Dzień dobry,

dzisiaj napiszę na temat krawatów, które ostatnio – nie wiedzieć czemu – są passé. Na przestrzeni ostatnich lat popyt na nie zmalał, co nie jest korzystne dla producentów.

Szczęśliwie są jeszcze panowie, którzy nie wyobrażają sobie stylizacji bez krawata. Ale tak naprawdę największym pozytywem dla firm szyjących krawaty jest to, że krawat zawsze był i nadal jest dopełnieniem męskiego ubioru wyjściowego, wobec czego każdy mężczyzna – obojętnie, czy jest entuzjastą krawatów, czy też nie – często z konieczności zakłada je na ważne uroczystości rodzinne, jak również wszelakie spotkania formalne i biznesowe.

Ale czy noszenie krawata jest wyłącznie przymusową powinnością?

Sądzę, że absolutnie nie, gdyż dobrze dobrany, jedwabny krawat niewątpliwie stanowi znakomite uzupełnienie męskiej garderoby, może nie tak prestiżowe jak np. zegarek, jednak również ważne, bo od razu zauważalne.

Postaram się z szerokiej oferty krawatów żakardowych, knitów i krawatów z drukowanego jedwabiu firmy Tiestore.pl wybrać kilka najbardziej efektownych modeli i zaproponować je na różne okazje.

Na początek najczęściej zakładane krawaty, tzw. biznesowe, które powinny być gładkie, jednolite, w stonowanych kolorach, ewentualnie w drobne wzory. Tu najbardziej sprawdzą się krawaty żakardowe (czyli ze wzorem wytkanym w tkaninie). Tego typu krawaty są niekiedy naprawdę urzekające, nawet kiedy wzór jest drobny i nienachalny. Wystarczy, że jakość jedwabi będzie perfekcyjna, a wówczas głębia kolorów nici sprawi, że małe elementy na stonowanym tle będą przyciągać uwagę. Najlepiej w roli wzoru na krawat biznesowy sprawdzą się małe kwadraciki, romby, łezki i wracające znów do łask paski. Dobrym wyborem będą też krawaty gładkie z ciekawszą strukturą.

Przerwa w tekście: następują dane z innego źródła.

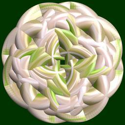 Keywords: mathematica 3d cg parametricplot3d texture torus 輪環 りんかん ドーナツ どーなつ 五芒星 ごぼうせい 五光星 ごこうせい 五稜星 ごりょうせい program プログラム code コード algorithm コード アルゴリズム pentagram geometric sculpture geometricsculpture shape geometry sculpture mapping テクスチャ マッピング 模様 もよう design pattern デザイン パターン graphic グラフィック グラフィクス structure 意匠 構造 symmetry 対称性 たいしょうせい シンメトリー 対称 たいしょう algorithm pastel organic pattern food SetOptions[ParametricPlot3D, PlotRange -> Full, Mesh -> None, Boxed -> False, Axes -> None, PlotPoints -> 400, ImageSize -> 3000, Background -> Darker[Green, 0.8], PlotStyle -> Directive[Specularity[White, 70], Texture[Import["D:/tmp/862.jpg"]]], TextureCoordinateFunction -> ({#4/Pi, #5 /Pi} &), Lighting -> "Neutral"]; a = 3; (* center hole size of a torus *) b = 5; (* penta-torus *) c = 0.7; (* distance from the center of rotation *) d = 4; (* number of torus *) v = 3; w = 1.7; x = (a - Cos[w t] - Sin[b s]) Cos[v s] + c; y = Sin[w t] Cos[b s] + c; z = (a - Cos[w t] - Sin[b s]) Sin[v s] + c; rot = Table[{x, y, z}.RotationMatrix[2 i Pi/d, {0, 1, 0}], {i, d}]; ParametricPlot3D[rot, {t, 0, 2 Pi}, {s, 0, 2 Pi}] (*--- The Texture *) SetOptions[ParametricPlot3D, PlotRange -> Full, Mesh -> None, Boxed -> False, Axes -> None, PlotPoints -> 400, ImageSize -> 3000, Background -> Darker[Green, 0.8], PlotStyle -> Directive[Specularity[White, 70], Texture[Import["D:/tmp/862.jpg"]]], TextureCoordinateFunction -> ({#4/Pi, #5 /Pi} &), Lighting -> "Neutral"]; a = 3; (* center hole size of a torus *) b = 5; (* penta-torus *) c = 0.7; (* distance from the center of rotation *) d = 4; (* number of torus *) v = 3; w = 1.7; x = (a - Cos[w t] - Sin[b s]) Cos[v s] + c; y = Sin[w t] Cos[b s] + c; z = (a - Cos[w t] - Sin[b s]) Sin[v s] + c; rot = Table[{x, y, z}.RotationMatrix[2 i Pi/d, {0, 1, 0}], {i, d}]; ParametricPlot3D[rot, {t, 0, 2 Pi}, {s, 0, 2 Pi}] (*--- The Texture *) |

Na wszelkie uroczystości rodzinne proponuję natomiast szczyptę awangardy – na przykład w postaci niezwykłych krawatów Moschino. Szczerze je polecam. Na rynku aktualnie jest wysyp ciekawych, czasem zabawnych wzorów. Na zachodzie krawaty drukowane zawsze były oznaką dobrego stylu; u nas ich popularność dopiero rośnie. I dobrze.

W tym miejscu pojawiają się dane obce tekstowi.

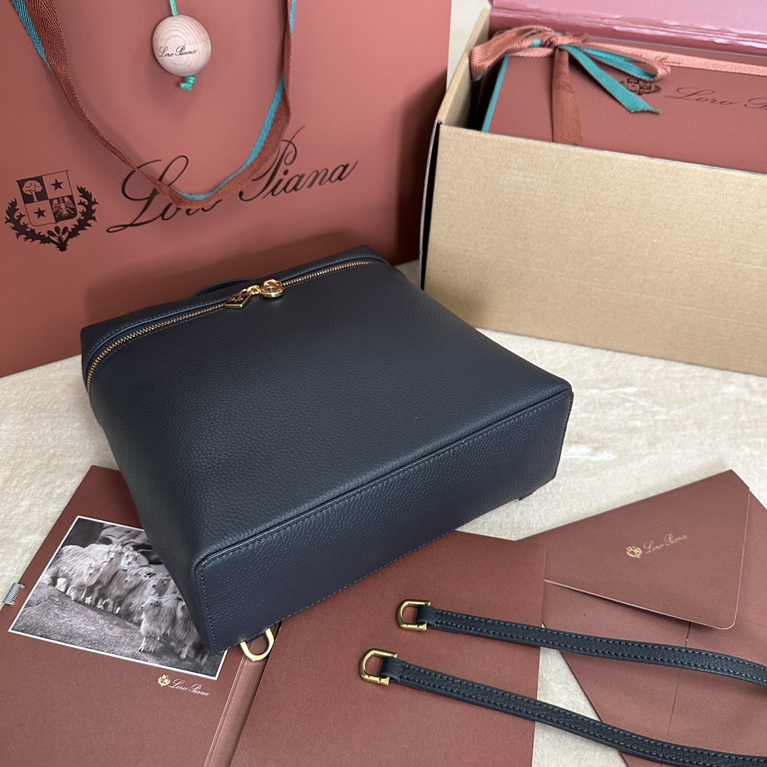 「#7122」Loro pian Extra Pocket L23.5 gold buckle - FAM6491 - 21✖️23.5✖️8cm - deep sapphire blue - 7121 - Loio piana - Body: cow leather Lining: sheep leather

Zwróćmy jedynie uwagę na jakość druku. Tkanina wysokiej jakości musi się wyróżniać doskonałą rozdzielczością rysunku. Jeśli wzór, szczególnie na cienkich liniach lub na gęstym przepleceniu, rozmywa się, znaczy to, że druk był wykonany cyfrowo, na tańszych maszynach. Nie polecam tego typu produktów.

Niestety każdy z nas niejednokrotnie uczestniczy w smutnych uroczystościach pogrzebowych, na których panowie wręcz nie mogą obyć się bez krawata, oczywiście w kolorze ciemnym, niekoniecznie czarnym. Do tego bezwzględnie obowiązuje biała koszula.

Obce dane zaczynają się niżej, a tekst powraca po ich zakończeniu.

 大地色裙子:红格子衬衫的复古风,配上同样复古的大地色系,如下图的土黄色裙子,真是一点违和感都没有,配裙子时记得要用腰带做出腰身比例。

Tu zasugeruję bardzo eleganckie krawaty jednobarwne: śliwkowe, czarne, granatowe, szare. Efektownie wyglądają też żakardowe z eleganckim, spokojnym wzorem w strukturze.

Dla panów, którzy noszą krawaty na co dzień, jest najwięcej propozycji. W chłodną porę polecam krawaty wełniane, kaszmirowe, jedwabne z matową strukturą. Latem – krawaty jedwabne, jedwabne z domieszką lnu, bawełniane w kwieciste wzory lub jedwabne połączone z bawełną, w lekki, geometryczny wzór. Tu mamy dowolność.

Warto zwrócić uwagę na lekkość wkładki, która zawsze musi być wykonana z naturalnych materiałów – wełniana albo podwójna z wełny i dodatkowej bawełnianej lub lnianej warstwy. Krawat powinien wiązać się łatwo i gładko. Powinien też być lekki, a nie stwarzać wrażenie czegoś sztywnego i zbędnego na szyi.

Poniżej zaprezentowałam czerwone krawaty: jeden w orientalny wzór, drugi Moschino w dymki.

Mówi się, że krawat należy umieć nosić. I coś w tym rzeczywiście jest. Często podziwiamy u niektórych panów świetnie dobrany krawat i perfekcyjnie zawiązany węzeł (co wcale nie jest takie łatwe do osiągnięcia). Bywa i tak, że zostajemy zauroczeni nonszalancją, z jaką mężczyźni potrafią nosić ten dodatek do garderoby. Coraz częściej spotykamy na ulicach czy w mediach takie stylizacje – luźno i tak trochę niedbale związany krawat z dobrej jakościowo, oryginalnej tkaniny, który z odpowiednią, modną koszulą daje efekt splendoru i nietuzinkowości.

Do takiej nieszablonowej stylizacji wybrałam krawaty z wyższej półki, uszyte z grenadyny, która – nawet jednobarwna – zawsze wygląda luksusowo i elegancko dzięki swojej przestrzennej fakturze. Jeden to srebrny krawat w subtelny, żakardowy ornament, drugi to krawat w kolorze ciemnej, szlachetnej zieleni o splocie prometeo; oba świetnie sprawdzą się jako dodatek do popularnych teraz, wzorzystych koszul.

Należy jednak pamiętać, że taki outfit, pasuje tylko do mniej formalnych spotkań.

Do miłego…

Ponieważ lada dzień Wielkanoc, życzę moim Czytelniczkom i Czytelnikom dużo radości i nadziei, jakie zawsze towarzyszą oprawie tych Świąt. Niech wiosna i budząca się do życia przyroda będą dla Was inspiracją, nie tylko w Waszych modowych wyborach.